- Task details
A verbatim transcript of the data below is required, images omitted.

- Extracted information
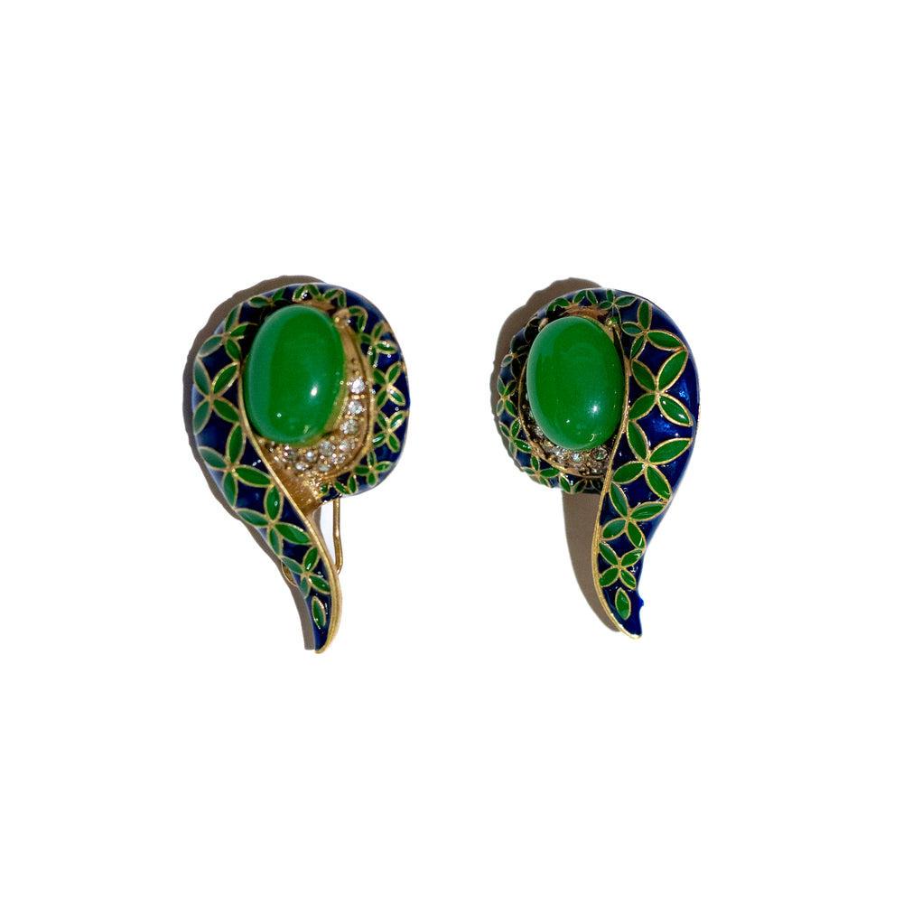 A refined paisley-inspired earring featuring a luminous emerald-green stone set in intricate gold detailing, offering a timeless blend of elegance and tradition.
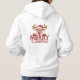 Ein verspielter Weihnachtsrentier, der über dem Schild "Frohe Weihnachten" pinkelt. Die Rentiere hat große, sanfte Augen mit roter Nase (ähnlich Rudolph) und weichem braunem Fell. Die Vorderseite des Rentiers hackt die Erholung am Rand des Schildes, als würde sie sich neugierig hinüber lehnen, um einen Blick zu werfen. Schneeflocken fallen sanft in den Hintergrund und die Briefe von "Frohe Weihnachten" geben der ganzen Szene ein fröhliches, winterliches Gefühl.
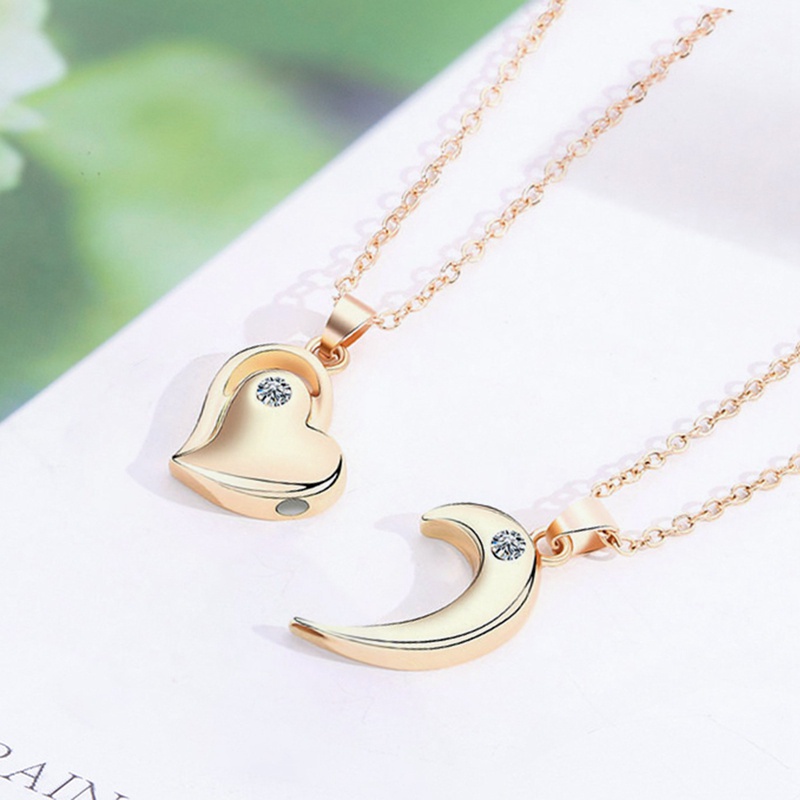 2pcs Magnetic Distance Couple Necklaced Lovers Matching Pendent Necklace Long Distance Gifts Heart Wedding Gift Jewelry Set
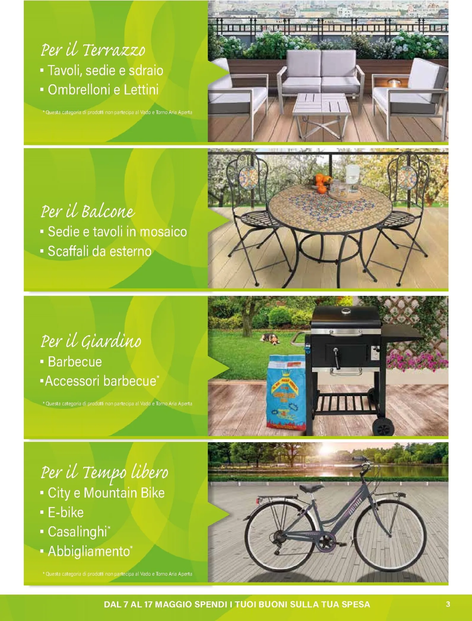 L’assortimento proposto nel catalogo è vasto e pensato per ogni esigenza. Si possono trovare tavoli, sedie, ombrelloni e lettini perfetti per arredare terrazzi. Per i balconi, sono disponibili eleganti soluzioni in mosaico e pratici scaffali da esterno. L’offerta si completa con una selezione di barbecue per le grigliate in compagnia e una linea per il tempo libero che include diverse tipologie di biciclette per le avventure all’aperto.
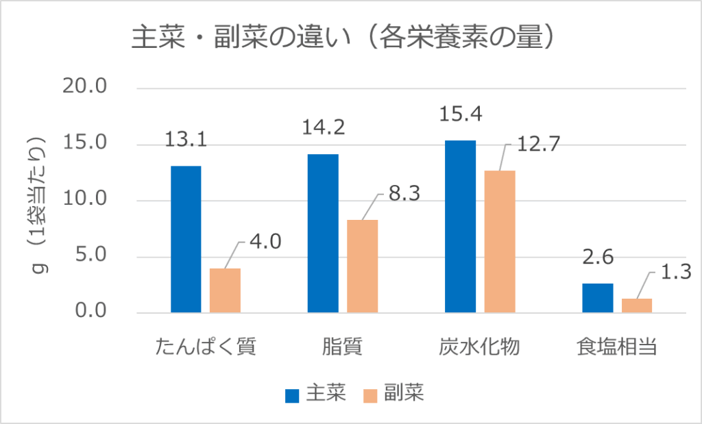 主菜の惣菜は副菜の惣菜と比較して、魚・肉類をメイン食材としているので、たんぱく質と脂質が比較的多い結果となっています。
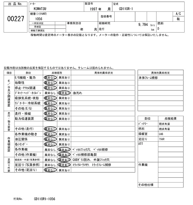 Статус выставлен на аукцион Лот 227 Аукцион ARAI Kenki Дата аукциона 17.03.2026
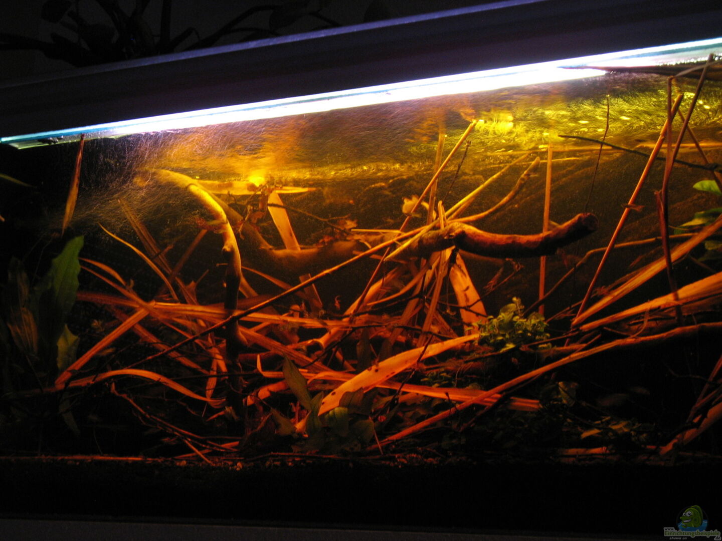 Standard Becken aus Float Glas, sto??verklebt mit Mittel- und Seitenstegen. Aquarien Aluminium Abdeckung "Stratos" von Gie??emann inkl. T5 Leuchtbalken. Momentan werden aber 2 T8 Leuchtbalken benutzt. Unterbau aus Ytong Steinen, verkleidet mit Sperrholz Pappel und wei??er Rauhfasertapete tapeziert. Daneben die Techniksäule aus Spanplatten, ebenfalls tapeziert. Verdeckt Filter, Kabel, UVC Klärer etc. und wird bei Bedarf einfach beiseite geschoben. Die Idee hinter der Gerstaltung: . [...]

- Response
 A refined paisley-inspired earring featuring a luminous emerald-green stone set in intricate gold detailing, offering a timeless blend of elegance and tradition.
 Ein verspielter Weihnachtsrentier, der über dem Schild "Frohe Weihnachten" pinkelt. Die Rentiere hat große, sanfte Augen mit roter Nase (ähnlich Rudolph) und weichem braunem Fell. Die Vorderseite des Rentiers hackt die Erholung am Rand des Schildes, als würde sie sich neugierig hinüber lehnen, um einen Blick zu werfen. Schneeflocken fallen sanft in den Hintergrund und die Briefe von "Frohe Weihnachten" geben der ganzen Szene ein fröhliches, winterliches Gefühl.
 2pcs Magnetic Distance Couple Necklaced Lovers Matching Pendent Necklace Long Distance Gifts Heart Wedding Gift Jewelry Set
 L’assortimento proposto nel catalogo è vasto e pensato per ogni esigenza. Si possono trovare tavoli, sedie, ombrelloni e lettini perfetti per arredare terrazzi. Per i balconi, sono disponibili eleganti soluzioni in mosaico e pratici scaffali da esterno. L’offerta si completa con una selezione di barbecue per le grigliate in compagnia e una linea per il tempo libero che include diverse tipologie di biciclette per le avventure all’aperto.
 主菜の惣菜は副菜の惣菜と比較して、魚・肉類をメイン食材としているので、たんぱく質と脂質が比較的多い結果となっています。
 Статус выставлен на аукцион Лот 227 Аукцион ARAI Kenki Дата аукциона 17.03.2026
 Standard Becken aus Float Glas, sto??verklebt mit Mittel- und Seitenstegen. Aquarien Aluminium Abdeckung "Stratos" von Gie??emann inkl. T5 Leuchtbalken. Momentan werden aber 2 T8 Leuchtbalken benutzt. Unterbau aus Ytong Steinen, verkleidet mit Sperrholz Pappel und wei??er Rauhfasertapete tapeziert. Daneben die Techniksäule aus Spanplatten, ebenfalls tapeziert. Verdeckt Filter, Kabel, UVC Klärer etc. und wird bei Bedarf einfach beiseite geschoben. Die Idee hinter der Gerstaltung: . [...]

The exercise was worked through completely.